Judgment of other people has been an issue as long as there has been human interaction, which is to say, forever. It’s human nature to judge something that we disagree with. But with the rise of the internet, online news sources, and social media, making judgements has become a lot easier: it’s just a button click away. People see a single thing that they don’t like, and judgement descends upon the newest victim without any further investigation.

 

But why? If one of the benefits of online news and media is the spread of information, why are people not getting all the facts?

 

Well, the answer is actually rather simple: people don’t want all the information. We live in a fast-paced society, which is why there is such a demand to have a source that provides what we want when we want it.

 

Think about when you’re scrolling through your feed on social media. You like a picture, repost/ retweet/ reblog the ones you particularly like, then go to the next one. If it takes too long for a particular post to load, whether it be the visuals buffering, the sound not working, or just not appearing, you move on, not wanting to wait the three to five seconds for it to load. Or imagine the excruciating frustration you feel waiting for the five seconds to pass during a YouTube ad just so you can skip it and get to your video. Horrible, right?

 

All we want is to get through the task at hand as quickly as possible so we can move on to what we have next; God forbid we miss out on something because we spent too long on something else.

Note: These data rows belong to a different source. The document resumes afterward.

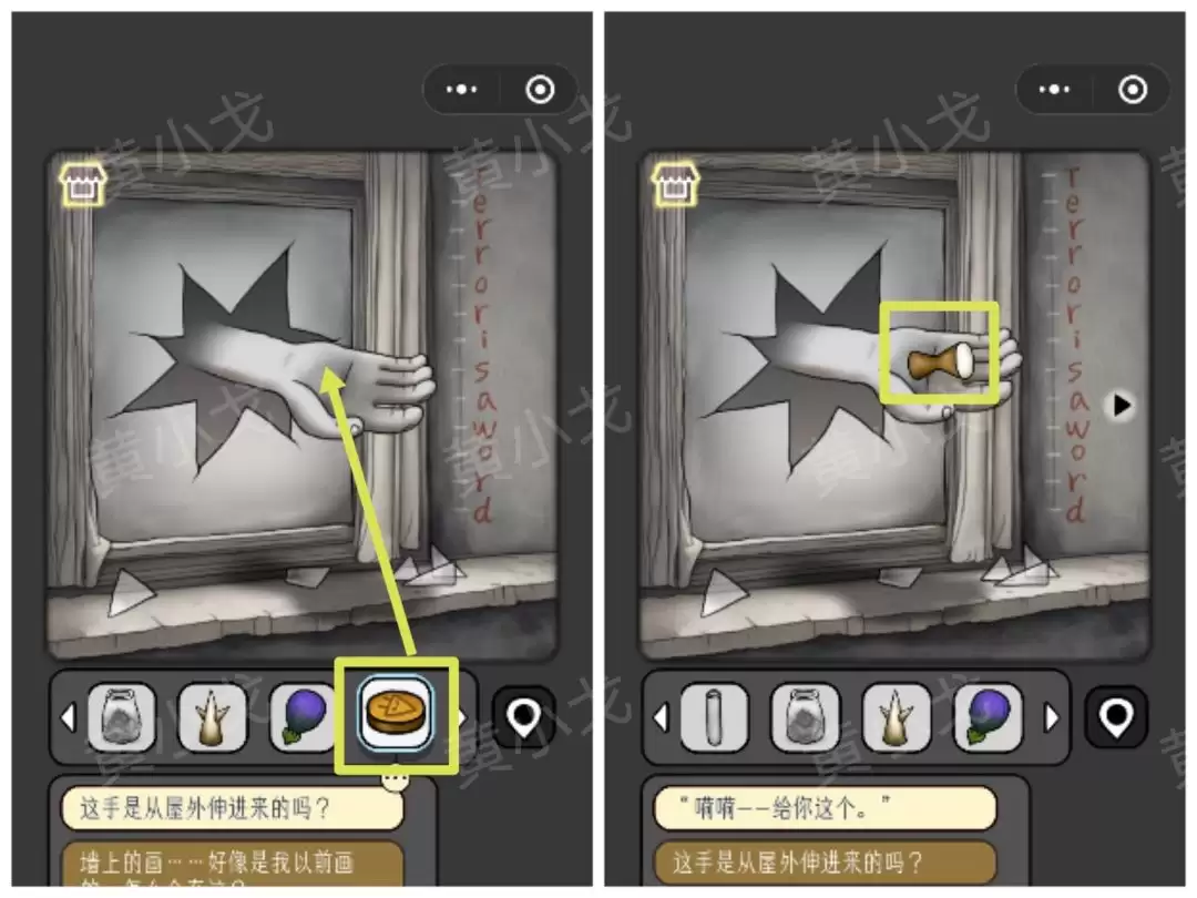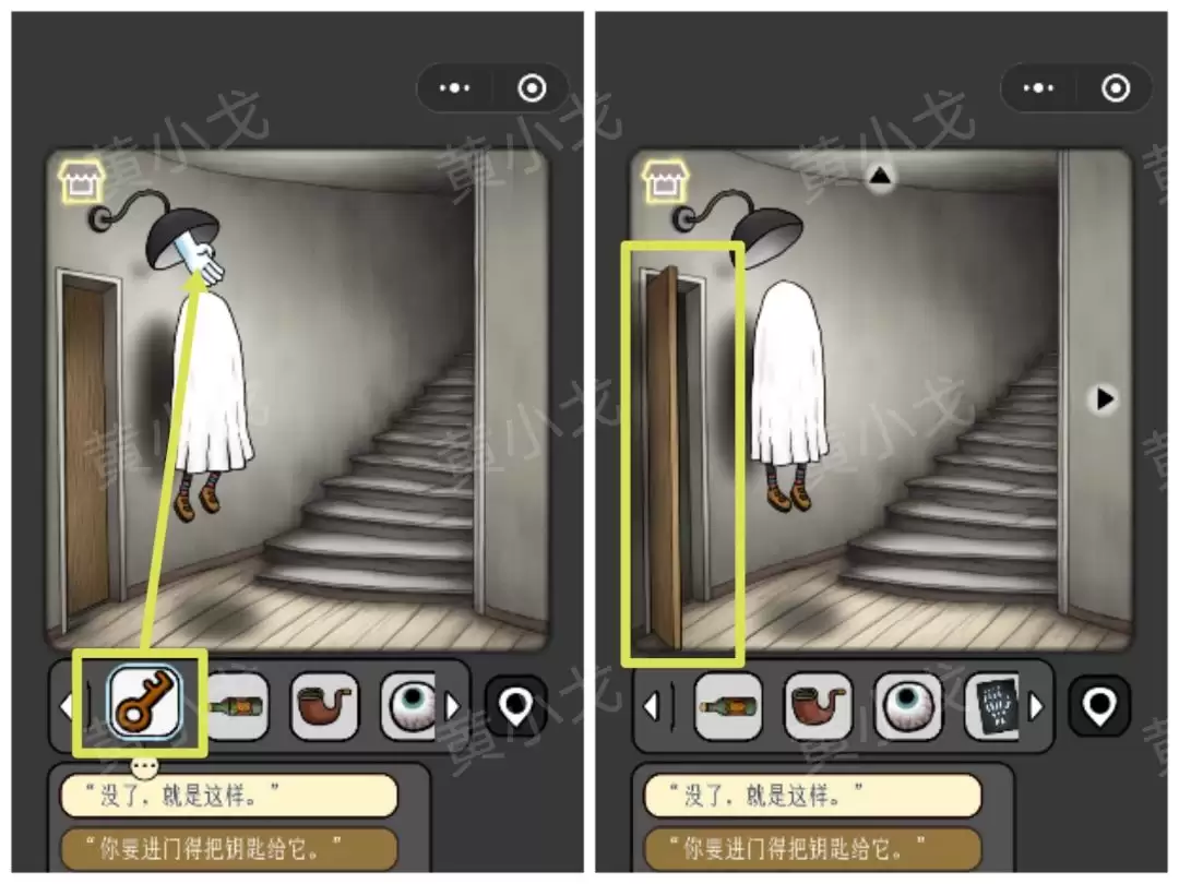 24. 把【钥匙】递给从门里伸出的鬼手,门锁便打开了。
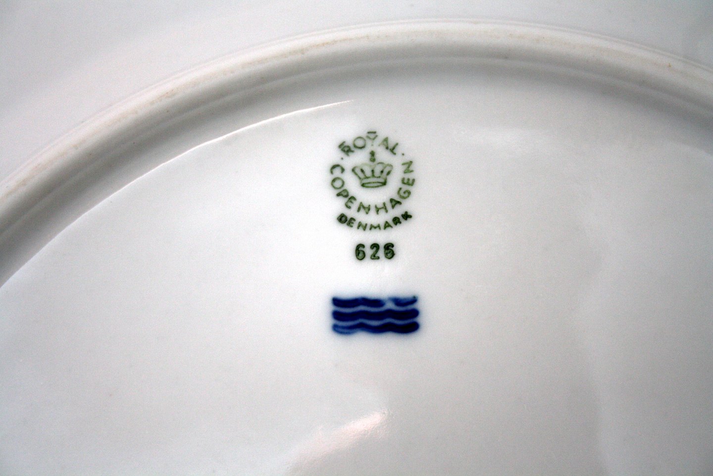 Royal Copenhagen, (normalt B&G) Offenbach, hvidt porcelæn med knækkede kanter og guld. Rundt fad eller dækketallerken. Dek.nr. 626. Diameter 27 cm. I. sortering. Pris: SOLGT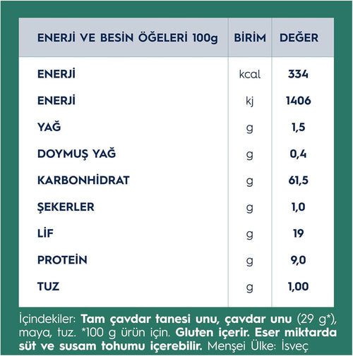 Le informazioni seguenti si applicano a ciascuna unità della confezioneINTEGRALI - Fette croccanti dal sapore autentico con farina integrale di segale, extra sottili e dal sapore...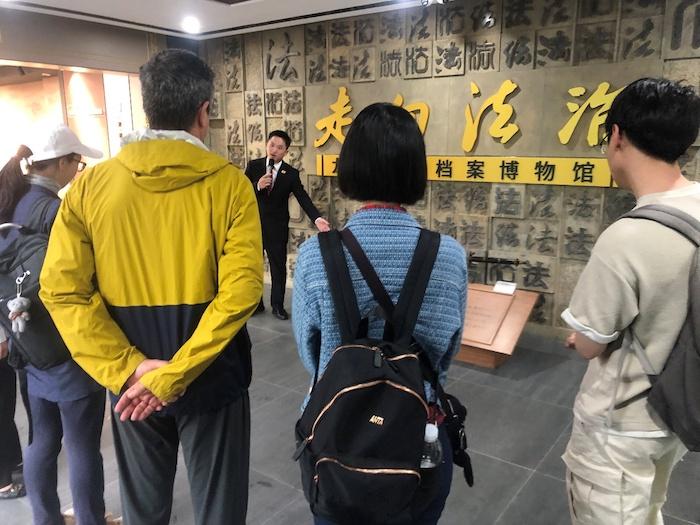 4月30日上午,宋教授一行來到龍泉司法檔案博物館。博物館位于龍泉市人民法院,主要介紹與展覽晚清民國的龍泉司法檔案。宋教授依序參觀了館內(nèi)的展覽,對其中未能詳細說明其概念的使用詞如花廳等提出了疑問,并建議進一步改進。宋教授系首次來館,對其中展出的司法檔案內(nèi)容以及分析的案例十分感興趣,特別是涉及婚姻,親屬關(guān)系等與家庭、宗族等相關(guān)的案件介紹,因而拍攝了諸多照片素材以備日后在哈佛大學(xué)授課時使用。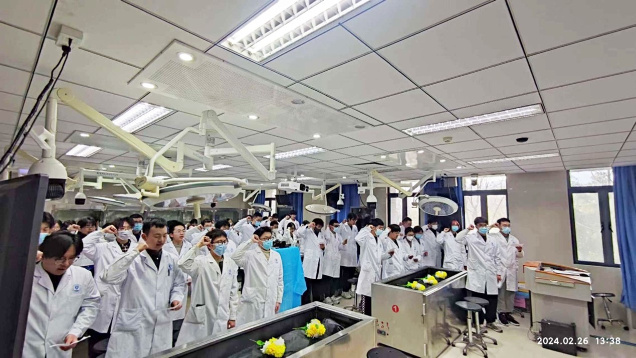无言良师,授吾医理。伴随着全体星空(中国)生解剖学宣誓仪式的结束,《局部临床解剖学》课程正式开始。本次活动将思政课程与专业课程相融合,将星空(中国)人文星空网页版与星空(中国)专业星空网页版相贯通,充分发挥实践育人功能,为青年学子上了新学期第一堂意义非凡的“无声”思政课。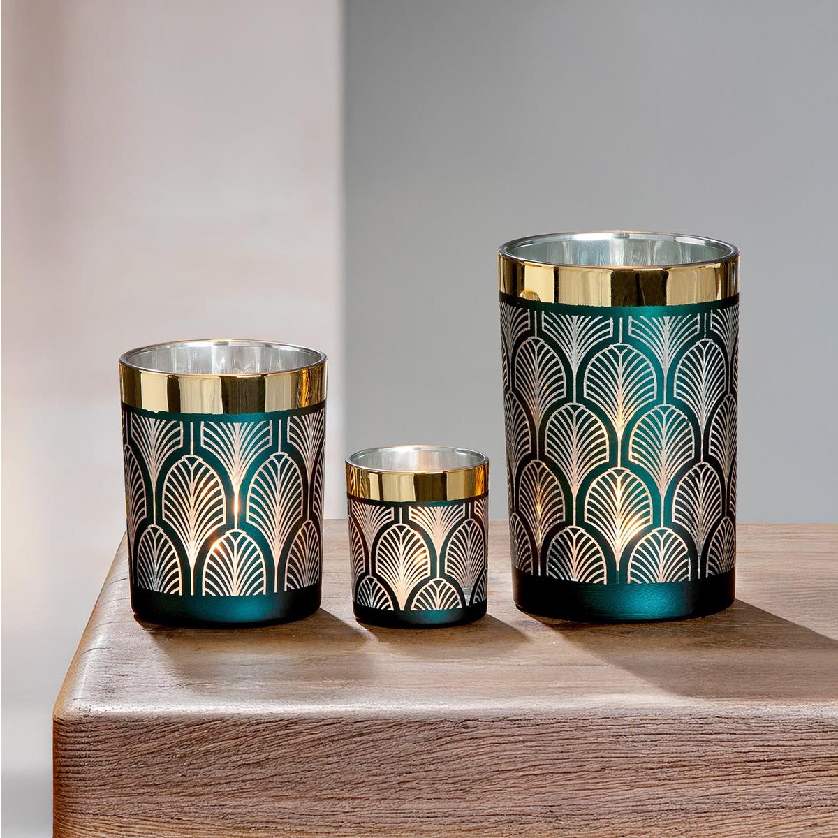 Elegantní skleněný svícen v luxusním zeleno-zlatém provedení vnese do interiéru teplou atmosféru a nádech glamour stylu. Dekorativní vzor s metalickým efektem vytváří při zapálení svíčky krásnou hru světla a stínů. Tento stylový svícen na čajovou svíčku je ideální pro večerní relaxaci, slavnostní prostírání i celoroční dekoraci.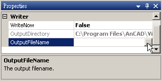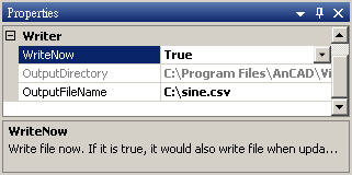 參數為 WriteNow 及 OutputFileName,WriteNow 預設為 False 表示資料並不會即時寫入檔案,True 表示寫入檔案,OutputFileName 決定檔案的位置以及檔名。各參數定義與預設值如下表:
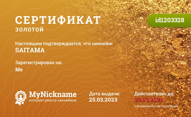 Никнейм SAITAMA зарегистрирован на Me. Выдан сертификат id1203328. Дата выдачи 25.03.2023.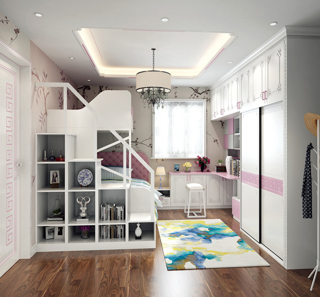 2、儿童房中的家具和收纳柜不能太多,越多越容易造成甲醛污染超标。儿童成长的速度比较快,每个成长阶段留下来的玩具等物品比较多,在这我们需要儿童房中的家具设计多功能或者组合式的设备。如市场上有很多的双层床踏脚的台阶就是设计成一个一个小箱子组成的,这样就可以合理运用了室内的空间。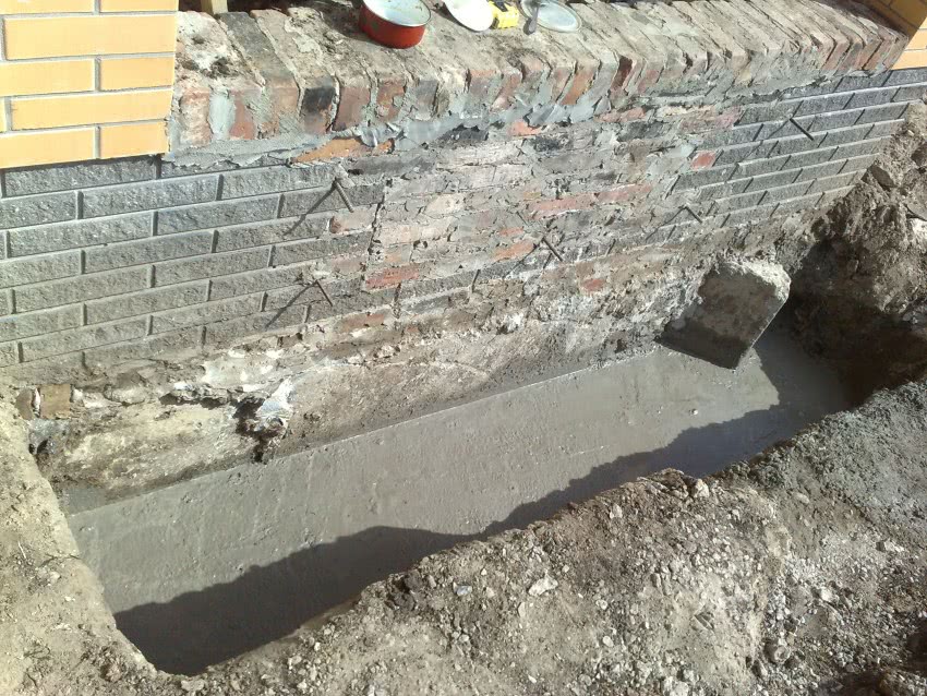 - Фундамент. Для того чтобы сооружение радовало качеством, нужно придерживаться правил. Делаем котлован под основу (глубина должна отвечать фундаменту). Это позволяет связать две конструкцию в одну, тем самым снизить риск разрушений. После этого готовим основу. Беремен кирпич колотого типа, улаживаем арматурную сеть – усиливает основу, связку фундаментов. Заключительный момент – забивание вертикальный арматурных штырей, заливка бетоном.
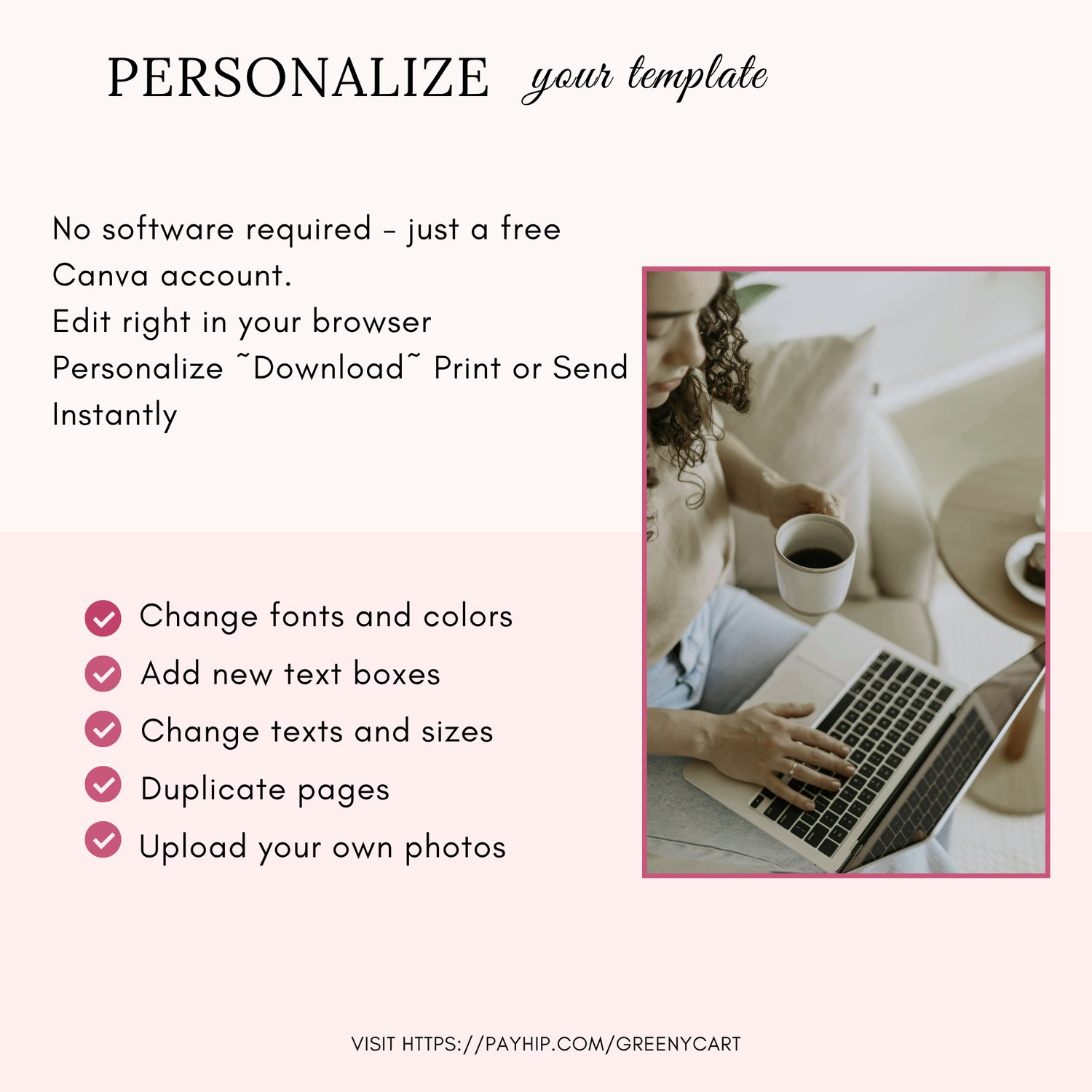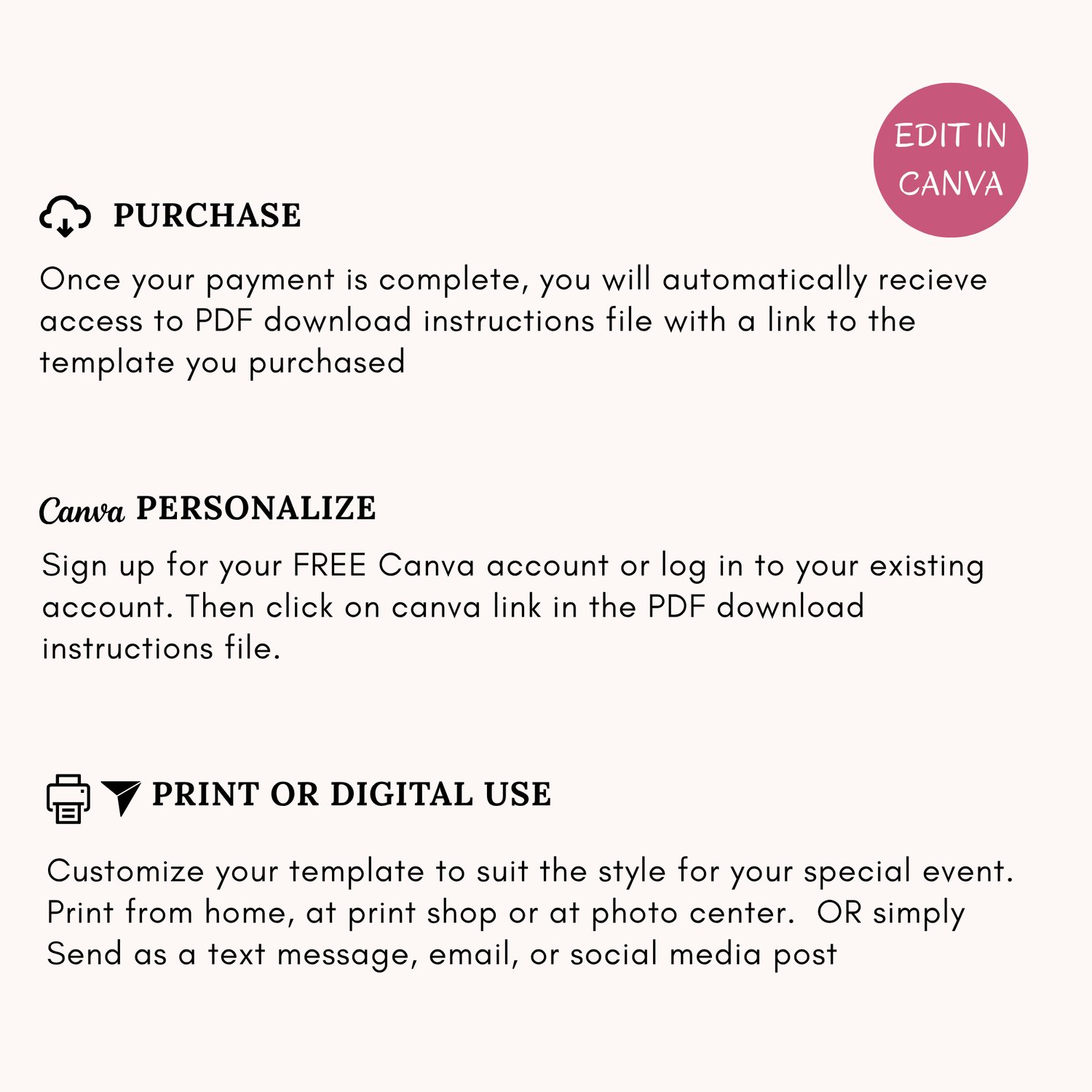 - Edit in minutes on your phone or computer (super easy Canva template)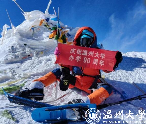 晁新新登顶并展示庆祝日本a片 办学90周年旗帜(向导格玛旦增拍摄)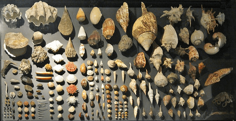 • Univalve Shells: Found in gastropods, these are typically single, coiled shells. Common in snails, the shells spiral around a central axis.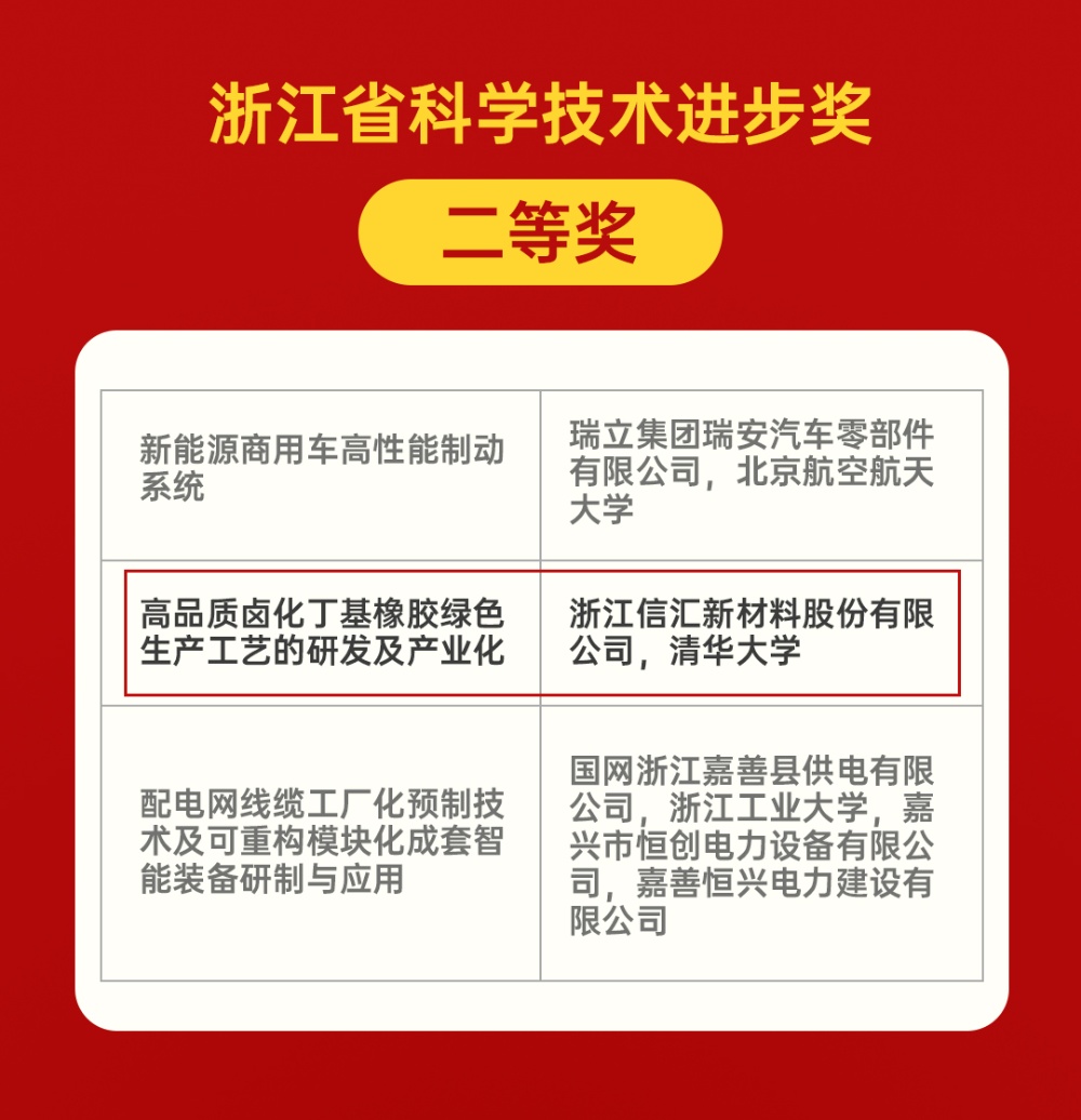 浙江信匯新材料股份有限公司和清華大學(xué)合作完成的“高品質(zhì)鹵化丁基橡膠綠色生產(chǎn)工藝的研發(fā)及產(chǎn)業(yè)化”項目獲得浙江省科學(xué)技術(shù)進步獎二等獎。

As a result, we have an impulse to only look at what we immediately see, only taking in the surface level information as we skim the internet. We leave ourselves uninformed because we only read headlines or catch a few sentences in between. Those few pieces of information determine our views on the topic, even though it’s far from the full story.  

 

Say that a robbery just occurred in one of the most secure banks in the country. A news headline reads, “Three Delinquents Rob Bank,” or something along those lines, with a photo of three dirty, beat-up men covered in tattoos. Immediately, those two things put thoughts into our heads. What that is varies from person to person, but because of the wording or how the robbers look in the photo, we get the impression that these men are just no-good criminals who can’t go anywhere in life without getting money from other people. With this information readily available, our shock and outrage at the criminals in the country can be spread to our own communities with just a few clicks on a keyboard then a press of a button. Now that your info, taken from what little knowledge you have on the topic, is out there, ready to be viewed by your peers online, they will no doubt read just as much, or even less, than you did. Much like yourself, they will likely not look into this further, and thus fall into the same exact spout of anger you had when receiving the news of these disgusting criminals.

 

Unfortunately for you and all those you told of the news, that was not the full story. The full story, in fact, includes how these men are actually paid actors to frame a community as dangerous and full of people who don’t respect the law. The real criminal mind here is actually the owner of the bank, hoping to get profits from insurance while the men he paid took the blame. Don’t worry, he got caught too, but you don’t know that because the source you read only focused on the ones who physically committed the act.

 

Quick judgements are quick because we don’t bother to go beyond what comes immediately to us or jumps in our faces. Perhaps if we took more time to actually check if what we’re reading, then maybe we wouldn’t’ judge so fast and stop spreading misinformation.

 

That being said, did any of you really read this whole thing?